## EXERCISE INPUT
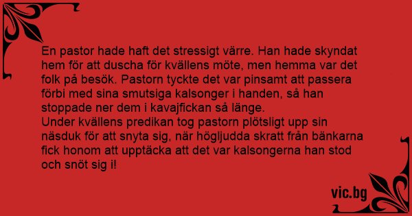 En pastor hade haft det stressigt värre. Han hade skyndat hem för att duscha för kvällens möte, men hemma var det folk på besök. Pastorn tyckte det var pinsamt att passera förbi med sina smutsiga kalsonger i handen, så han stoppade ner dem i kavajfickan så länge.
---
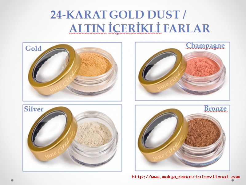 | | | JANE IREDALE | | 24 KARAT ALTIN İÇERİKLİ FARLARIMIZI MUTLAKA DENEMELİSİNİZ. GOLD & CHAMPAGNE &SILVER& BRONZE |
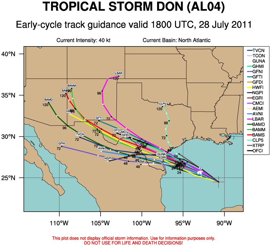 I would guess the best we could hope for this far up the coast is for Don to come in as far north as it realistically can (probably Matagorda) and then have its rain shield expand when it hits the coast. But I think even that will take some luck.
==
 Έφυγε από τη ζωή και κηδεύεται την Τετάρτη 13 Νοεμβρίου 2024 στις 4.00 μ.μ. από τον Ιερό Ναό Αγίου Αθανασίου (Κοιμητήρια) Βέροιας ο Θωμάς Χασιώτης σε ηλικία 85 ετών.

## WORK TASK
Above, find the line with "CHAMPAGNE &SILVER& BRONZE |"; copy it and every line down to the line with "I would guess", exactly and both included, but no pictures.

## RESPONSE
 | | | JANE IREDALE | | 24 KARAT ALTIN İÇERİKLİ FARLARIMIZI MUTLAKA DENEMELİSİNİZ. GOLD & CHAMPAGNE &SILVER& BRONZE |
 I would guess the best we could hope for this far up the coast is for Don to come in as far north as it realistically can (probably Matagorda) and then have its rain shield expand when it hits the coast. But I think even that will take some luck.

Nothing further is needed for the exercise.